A year after Hurriane Maria, it's clear a poor response led to more deaths than the hurricane itself
Last September, President Donald Trump told Puerto Ricans they should be grateful Hurricane Maria had not caused a real catastrophe like Katrina.
However, mounting evidence now reveals the death toll for Maria far surpasses initial estimates. New research puts the number close to 3,000, adjusted up from just a few dozen when the president made his now infamous remark. This is an estimate, but it is virtually certain that the number is in the thousands. The president has denied these numbers, but without offering any evidence to support his claims.
The devastating truth is that most of the deaths in Puerto Rico were avoidable. The majority of fatalities were not caused by the hurricanes force, but by the failure of the U.S. disaster response system. Many people died in the days and months after Maria because they lacked access to basic lifesaving goods and services.
The presidents comparison between the Katrina disaster and Puerto Ricos plight after Maria highlights a major underlying problem. Using fatalities to gauge the magnitude of disaster assumes that all disasters are made the same.

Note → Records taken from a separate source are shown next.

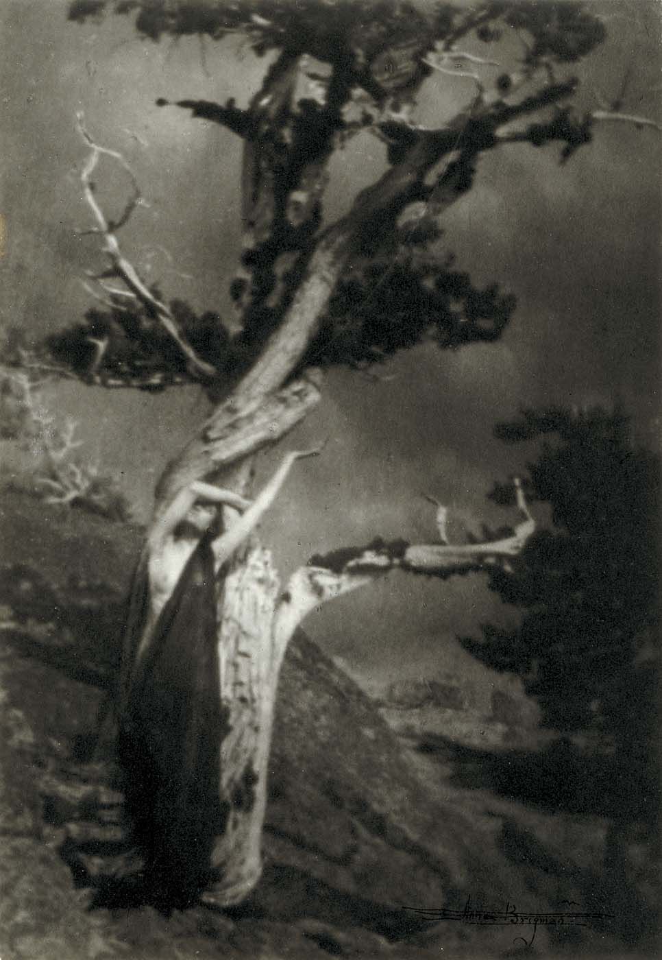 A századfordulót követő években, amikor a nők többnyire szoros fűzőt, több réteg alsóruhát, fodrokat, csipkéket, bokáig érő szoknyát, valamint leszállópályákat idéző, csodálatos kalapokat hordtak, és különösen ügyeltek arra, hogy még véletlenül se vegyék fel ugyanazt a darabot az ebédhez és a kellemes délutáni korzózáshoz, szóval a női divat e különösen pezsgő korszakában Anne Brigman nadrágban és csizmában, mázsányi fotósfelszereléssel vágott neki a vad és festői kaliforniai hegyeknek, ahol aztán meztelen antik istennőként fotózta saját magát (illetve néha különböző barátait vagy a húgát) a zord sziklák és romjaikban is impozáns fenyők társaságában, ami, mondjuk így, meglehetősen szokatlannak számított akkoriban. De hát Anne Brigman nem is volt átlagos nő.
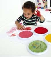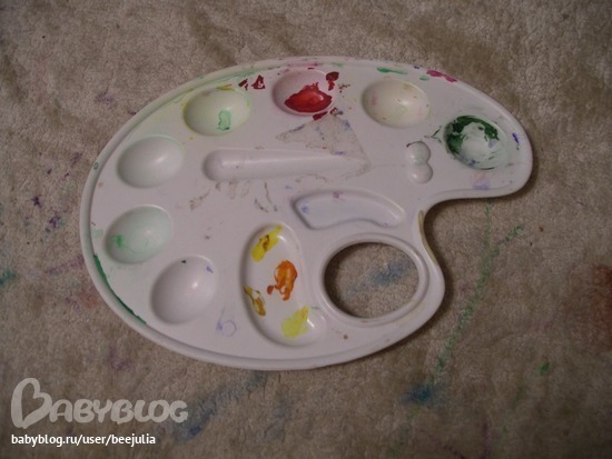 Рисуем пальчиковыми красками (иногда покупаю, но сейчас стала чаще сама делать, так как очень много их расходуется), гуашью, акриловыми красками (рисовали на камнях), акварелью. Хочу купить краски для того чтобы рисовать на ткани ( у нас есть старые тряпочки на которых Степа очень любит рисовать, я их потом стираю), и хочу купить краски витражные, баночку стеклянную для печенья и разрисовать ее вместе со Степой.
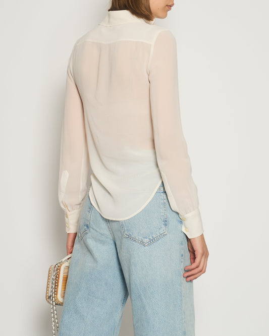 Saint Laurent Ivory Over-Sized Collar Button Down Shirt FR 34 (UK 6)
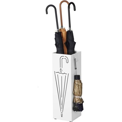 fém esernyőtartó, négyzet alakú esernyőtartó, kivehető víztálca, kampóval, 15,5 x 15,5 x 49 cm, fehér:
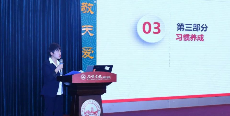 初中部冉洪雨老师以《时间酿酒 余味生花》为题交流了班级管理经验,她从“筑专业之基”“破困顿之局”“蓄成长之力”三个维度展开,讲述了班主任应具备的基本能力和专业着力点,并分享了如何理清工作思路,提高工作效率,寻找成长契机等技巧。

The disaster following Hurricane Maria shows us that this is fundamentally untrue.
Understanding this fact is necessary to grapple with how such a disaster was allowed to unfold on U.S. soil, despite one of the biggest and most well-prepared disaster response forces in the world.
Fatality counts are virtually useless: More than 3.3 million Americans were caught in Hurricane Marias path. Almost all of the deaths occurred in the aftermath of the hurricane.